Please set down only the lines below starting with the line with "حوله نوزادی 5" and going on through the line with "Stay comfortably cool", verbatim and without pictures.

- Exercise material
= Beginning of Section =
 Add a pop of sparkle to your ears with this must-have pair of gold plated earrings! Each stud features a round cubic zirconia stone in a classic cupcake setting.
= End of Section =
= Beginning of Section =
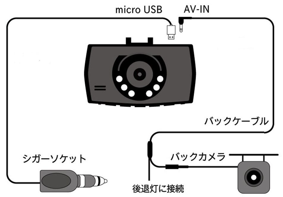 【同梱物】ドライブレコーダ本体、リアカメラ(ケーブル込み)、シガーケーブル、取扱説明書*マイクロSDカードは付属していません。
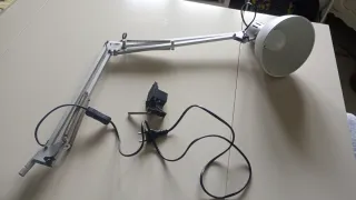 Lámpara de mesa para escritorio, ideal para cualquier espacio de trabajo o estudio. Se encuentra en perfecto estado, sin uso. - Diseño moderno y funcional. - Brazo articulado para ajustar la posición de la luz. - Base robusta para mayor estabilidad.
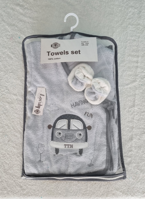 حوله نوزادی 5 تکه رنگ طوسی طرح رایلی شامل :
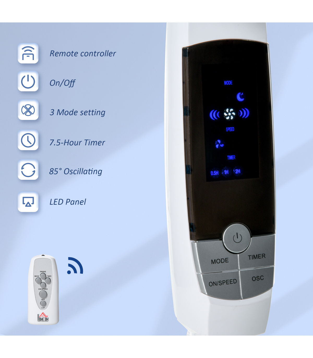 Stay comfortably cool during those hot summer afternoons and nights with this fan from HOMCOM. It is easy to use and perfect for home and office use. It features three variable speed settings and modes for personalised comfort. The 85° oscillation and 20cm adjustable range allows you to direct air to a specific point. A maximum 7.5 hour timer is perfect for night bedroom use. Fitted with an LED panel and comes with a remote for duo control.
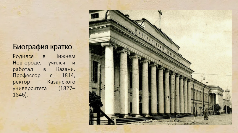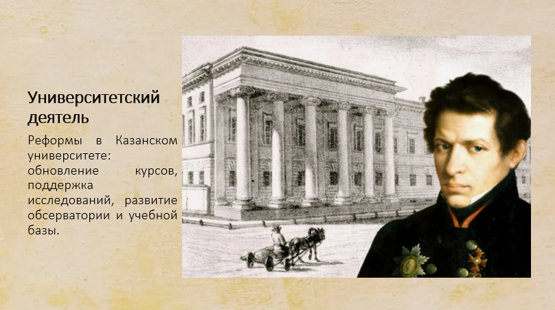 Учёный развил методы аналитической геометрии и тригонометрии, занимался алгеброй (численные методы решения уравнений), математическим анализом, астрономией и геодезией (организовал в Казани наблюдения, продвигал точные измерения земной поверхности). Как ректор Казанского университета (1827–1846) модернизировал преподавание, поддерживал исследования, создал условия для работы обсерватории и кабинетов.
= End of Section =
- Output of the exercise
 حوله نوزادی 5 تکه رنگ طوسی طرح رایلی شامل :
 Stay comfortably cool during those hot summer afternoons and nights with this fan from HOMCOM. It is easy to use and perfect for home and office use. It features three variable speed settings and modes for personalised comfort. The 85° oscillation and 20cm adjustable range allows you to direct air to a specific point. A maximum 7.5 hour timer is perfect for night bedroom use. Fitted with an LED panel and comes with a remote for duo control.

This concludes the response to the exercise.